The listing below holds pictures; exclude them. Return exactly the lines from the one with "轻柔旋律流淌间,新生们闭目冥" through the one with "翡马 波尔多进口葡萄酒 樱桃树特酿干红礼盒 13.5度 750ml".
_ _ _ _
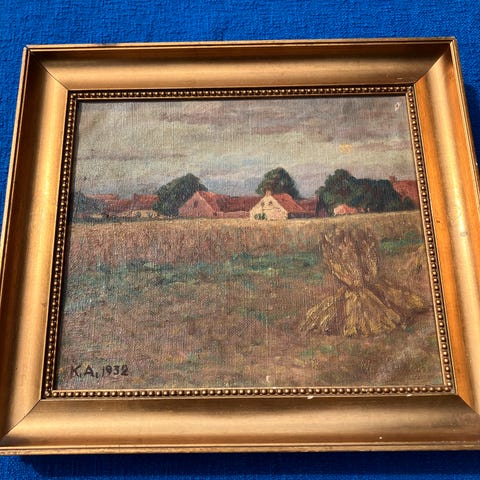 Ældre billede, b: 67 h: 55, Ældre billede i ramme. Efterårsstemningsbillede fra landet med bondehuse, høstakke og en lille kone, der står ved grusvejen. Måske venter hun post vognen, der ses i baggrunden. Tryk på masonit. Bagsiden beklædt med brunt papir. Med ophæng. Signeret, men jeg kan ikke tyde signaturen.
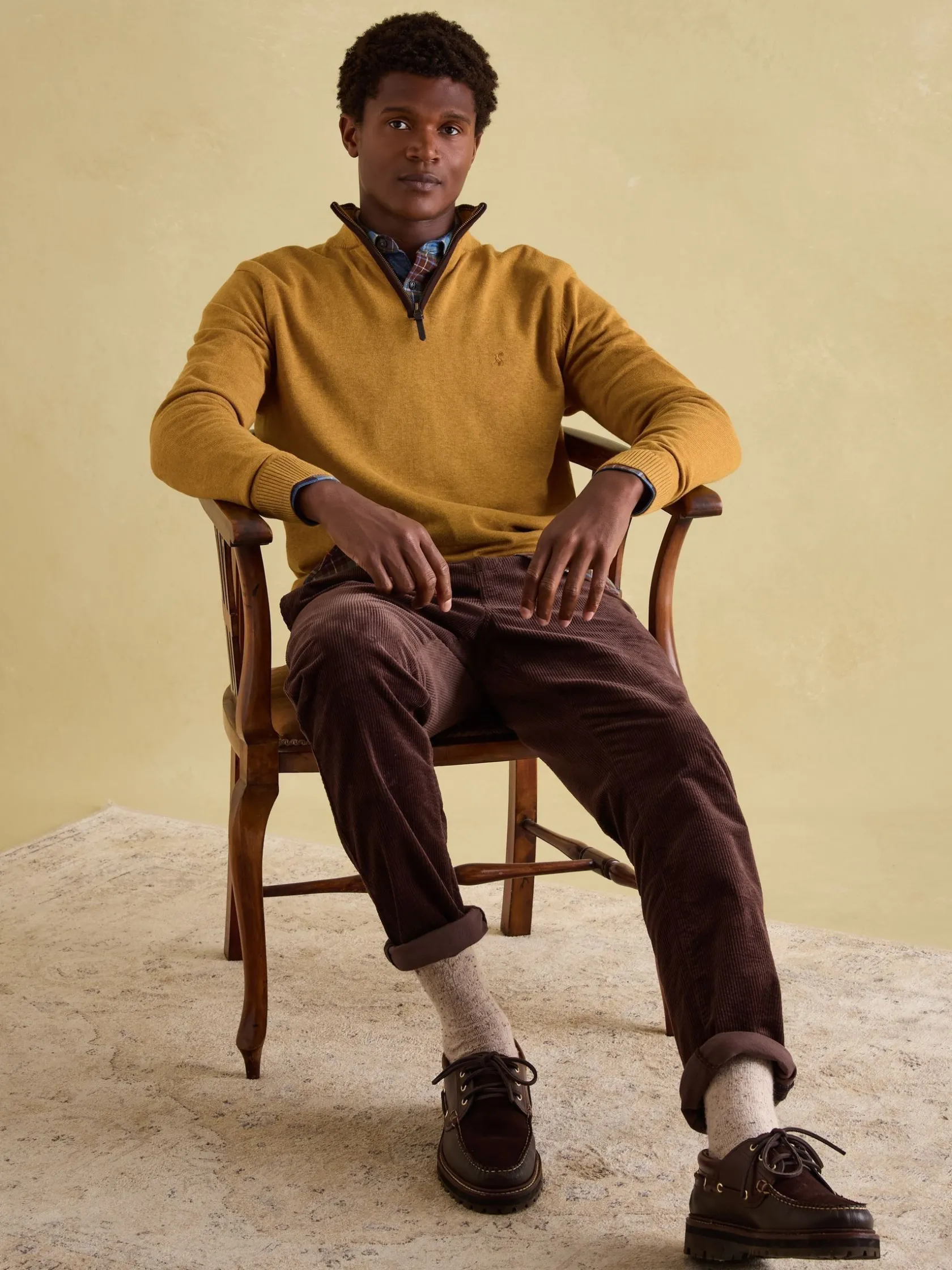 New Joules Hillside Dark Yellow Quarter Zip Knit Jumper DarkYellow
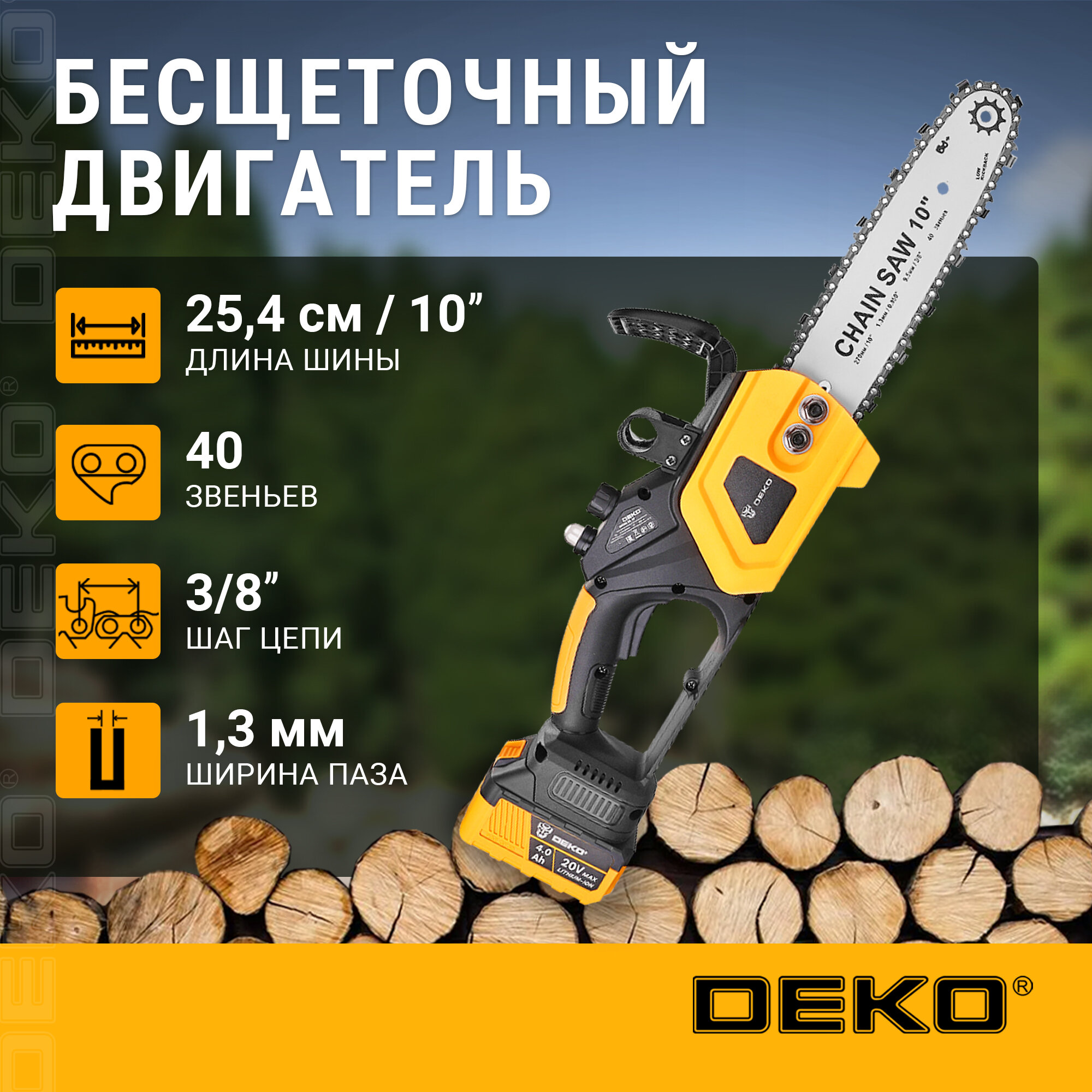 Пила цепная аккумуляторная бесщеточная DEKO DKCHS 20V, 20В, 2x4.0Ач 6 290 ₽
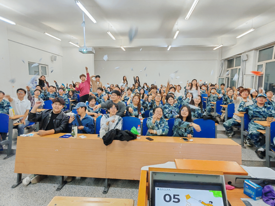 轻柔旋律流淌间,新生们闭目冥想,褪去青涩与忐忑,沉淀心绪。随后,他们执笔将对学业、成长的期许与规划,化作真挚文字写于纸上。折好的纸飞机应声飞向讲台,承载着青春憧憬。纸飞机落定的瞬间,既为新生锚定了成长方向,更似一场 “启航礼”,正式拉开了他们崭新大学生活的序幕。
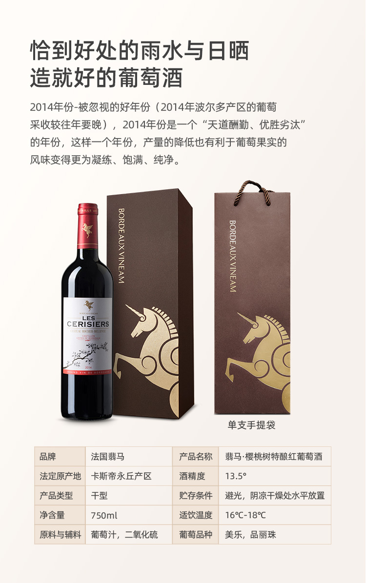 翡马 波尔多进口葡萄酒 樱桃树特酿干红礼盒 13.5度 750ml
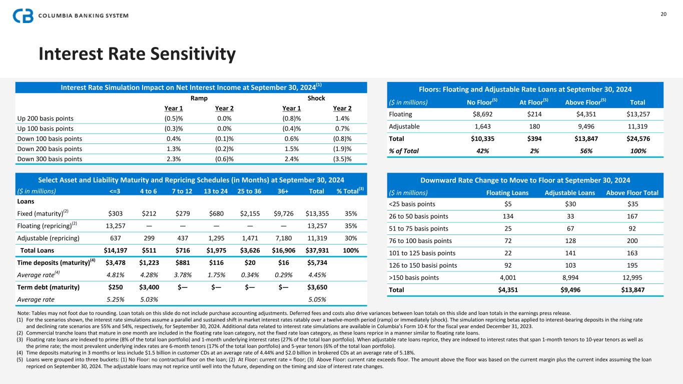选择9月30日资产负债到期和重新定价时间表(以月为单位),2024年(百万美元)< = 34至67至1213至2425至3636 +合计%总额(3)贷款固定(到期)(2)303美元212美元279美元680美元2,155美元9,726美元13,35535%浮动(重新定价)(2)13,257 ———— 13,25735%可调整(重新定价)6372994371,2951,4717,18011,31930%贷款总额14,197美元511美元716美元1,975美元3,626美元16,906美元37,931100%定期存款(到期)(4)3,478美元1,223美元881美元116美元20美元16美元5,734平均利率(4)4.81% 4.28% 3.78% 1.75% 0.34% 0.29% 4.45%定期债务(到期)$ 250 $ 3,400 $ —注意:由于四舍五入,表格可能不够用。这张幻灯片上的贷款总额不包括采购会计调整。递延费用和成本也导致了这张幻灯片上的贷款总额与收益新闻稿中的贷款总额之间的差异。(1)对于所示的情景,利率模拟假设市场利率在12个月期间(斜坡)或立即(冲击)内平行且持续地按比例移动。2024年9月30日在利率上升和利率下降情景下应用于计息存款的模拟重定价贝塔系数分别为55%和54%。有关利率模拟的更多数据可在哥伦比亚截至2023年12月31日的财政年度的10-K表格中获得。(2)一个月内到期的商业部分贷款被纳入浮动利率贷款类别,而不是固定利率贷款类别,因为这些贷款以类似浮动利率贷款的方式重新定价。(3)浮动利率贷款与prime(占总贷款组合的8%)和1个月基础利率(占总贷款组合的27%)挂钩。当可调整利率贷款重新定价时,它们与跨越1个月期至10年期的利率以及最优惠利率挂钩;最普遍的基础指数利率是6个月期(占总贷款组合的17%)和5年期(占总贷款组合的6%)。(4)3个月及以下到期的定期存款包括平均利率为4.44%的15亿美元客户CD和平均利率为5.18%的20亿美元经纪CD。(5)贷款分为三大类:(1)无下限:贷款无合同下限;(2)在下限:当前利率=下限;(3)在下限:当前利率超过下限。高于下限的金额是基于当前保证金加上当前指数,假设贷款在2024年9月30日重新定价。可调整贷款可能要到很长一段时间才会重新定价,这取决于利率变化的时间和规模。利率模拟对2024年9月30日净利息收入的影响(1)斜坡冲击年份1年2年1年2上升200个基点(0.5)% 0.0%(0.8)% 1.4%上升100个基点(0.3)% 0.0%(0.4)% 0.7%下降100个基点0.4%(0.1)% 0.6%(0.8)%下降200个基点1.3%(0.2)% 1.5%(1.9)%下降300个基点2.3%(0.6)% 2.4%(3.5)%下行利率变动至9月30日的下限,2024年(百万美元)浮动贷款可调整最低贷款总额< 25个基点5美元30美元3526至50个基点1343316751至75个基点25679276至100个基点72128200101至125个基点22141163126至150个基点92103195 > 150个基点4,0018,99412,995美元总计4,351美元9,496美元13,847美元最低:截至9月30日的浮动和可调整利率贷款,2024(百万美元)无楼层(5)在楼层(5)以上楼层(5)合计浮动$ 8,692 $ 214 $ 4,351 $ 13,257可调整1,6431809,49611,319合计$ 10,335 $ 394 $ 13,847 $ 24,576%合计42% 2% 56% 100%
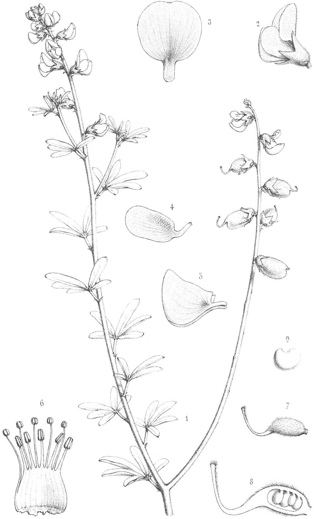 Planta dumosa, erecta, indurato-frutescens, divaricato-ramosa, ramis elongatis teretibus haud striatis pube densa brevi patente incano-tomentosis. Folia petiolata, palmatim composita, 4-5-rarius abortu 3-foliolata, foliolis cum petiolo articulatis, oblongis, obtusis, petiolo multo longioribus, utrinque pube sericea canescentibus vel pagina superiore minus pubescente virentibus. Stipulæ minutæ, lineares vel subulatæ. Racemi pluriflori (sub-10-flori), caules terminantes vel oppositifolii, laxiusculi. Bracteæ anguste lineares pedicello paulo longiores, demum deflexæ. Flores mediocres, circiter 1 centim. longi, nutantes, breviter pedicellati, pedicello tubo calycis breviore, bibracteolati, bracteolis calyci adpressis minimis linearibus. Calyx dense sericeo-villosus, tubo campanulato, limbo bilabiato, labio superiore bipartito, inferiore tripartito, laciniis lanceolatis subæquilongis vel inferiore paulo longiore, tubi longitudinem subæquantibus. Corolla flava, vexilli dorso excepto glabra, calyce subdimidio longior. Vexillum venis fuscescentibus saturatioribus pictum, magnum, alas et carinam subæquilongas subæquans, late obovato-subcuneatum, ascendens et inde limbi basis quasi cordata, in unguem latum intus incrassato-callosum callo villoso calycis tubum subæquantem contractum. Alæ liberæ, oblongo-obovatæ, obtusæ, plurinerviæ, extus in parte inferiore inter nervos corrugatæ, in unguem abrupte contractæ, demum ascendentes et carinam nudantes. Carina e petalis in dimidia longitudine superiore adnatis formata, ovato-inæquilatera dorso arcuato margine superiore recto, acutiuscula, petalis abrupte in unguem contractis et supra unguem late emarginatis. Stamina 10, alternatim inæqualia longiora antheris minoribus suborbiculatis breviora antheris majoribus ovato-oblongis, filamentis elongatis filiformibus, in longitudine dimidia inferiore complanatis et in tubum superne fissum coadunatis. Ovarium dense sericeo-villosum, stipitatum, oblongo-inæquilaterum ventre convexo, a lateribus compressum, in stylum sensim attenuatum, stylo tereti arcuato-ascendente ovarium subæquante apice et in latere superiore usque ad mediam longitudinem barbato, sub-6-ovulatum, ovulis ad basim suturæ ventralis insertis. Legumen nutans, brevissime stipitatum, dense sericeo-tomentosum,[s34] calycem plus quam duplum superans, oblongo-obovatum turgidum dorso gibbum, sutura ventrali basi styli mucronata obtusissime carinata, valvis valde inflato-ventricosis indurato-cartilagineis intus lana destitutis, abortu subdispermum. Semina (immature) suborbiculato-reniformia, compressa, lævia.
_ _ _ _
OUTPUT >>
 轻柔旋律流淌间,新生们闭目冥想,褪去青涩与忐忑,沉淀心绪。随后,他们执笔将对学业、成长的期许与规划,化作真挚文字写于纸上。折好的纸飞机应声飞向讲台,承载着青春憧憬。纸飞机落定的瞬间,既为新生锚定了成长方向,更似一场 “启航礼”,正式拉开了他们崭新大学生活的序幕。
 翡马 波尔多进口葡萄酒 樱桃树特酿干红礼盒 13.5度 750ml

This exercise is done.